3.06 Nm is the required answer.

GIVEN:

• Radius of current carrying loop, r = 25 cm = 25 × 10^-2 m

• Number of turns, n = 12

• Magnetic field , B = 0.3 T

• Current in the loop, I = 5 A

• Angle , θ = 60°

TO FIND:

Torque

FORMULAE:

• Area of circular loop , A = π r²

• Magnetic moment, M = nIA

• Torque = MB sin θ

• sin 60° = √3/2

SOLUTION:

STEP 1: TO FIND MAGNETIC MOMENT:

M = nIA

M = nI π r²

$= 12 \times 5 \times 3.14 \times {(25 \times {10}^{ - 2} )}^{2} \\ \\ = 60 \times 3.14 \times 25 \times 25 \times {10}^{ - 4} \\ \\ = 117750 \times {10}^{ - 4} \\ \\ = \frac{117750}{10000} \\ \\ M = 11.775 \: A {m}^{2}$

Magnetic moment , M is 11.775 Am²

STEP 2: TO FIND TORQUE:

Torque = MB sin θ

$torque = 11.775 \times 0.3 \times \sin(60) \\ \\ = 11.775 \times 0.3 \times \frac{ \sqrt{3} }{2} \\ \\ = 11.775 \times 0.3 \times \frac{1.732}{2} \\ \\ = 11.775 \times 0.3 \times 0.866 \\ \\ torque = 3.059145 \: Nm \\ \\ torque = 3.06 \: Nm$

ANSWER:

Torque produced is 3.06 Nm

TORQUE:

• Torque is defined as the moment of force.

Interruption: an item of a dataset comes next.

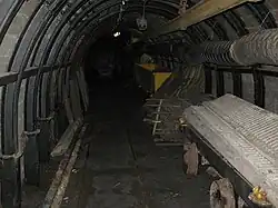 - Der nachgiebige Ausbau (z. B. Gleitbogenausbau) weicht Belastungen aus dem Gebirge durch Ineinanderschieben der Ausbauelemente aus und vermeidet dadurch hohe Spannungen auf dem Ausbaumaterial.[1] Der Nachteil liegt in der Querschnittseinengung, die bis zum Verlust der Befahrbarkeit der Strecke führen kann.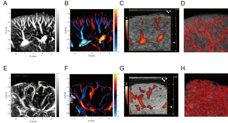 图1:超声超敏微血管成像(UMI)技术在健康(上排)及肝硬化(下排)大鼠成像效果与传统超声能量多普勒(C, G)及micro-CT(D, H)对比

• Torque is the force which is responsible for the rotational movement.

• When a current carrying conductor is placed in uniform magnetic field, it experiences no force. But it experiences torque .

• When the current carrying conductor is placed in non uniform magnetic field, it experiences both force and torque.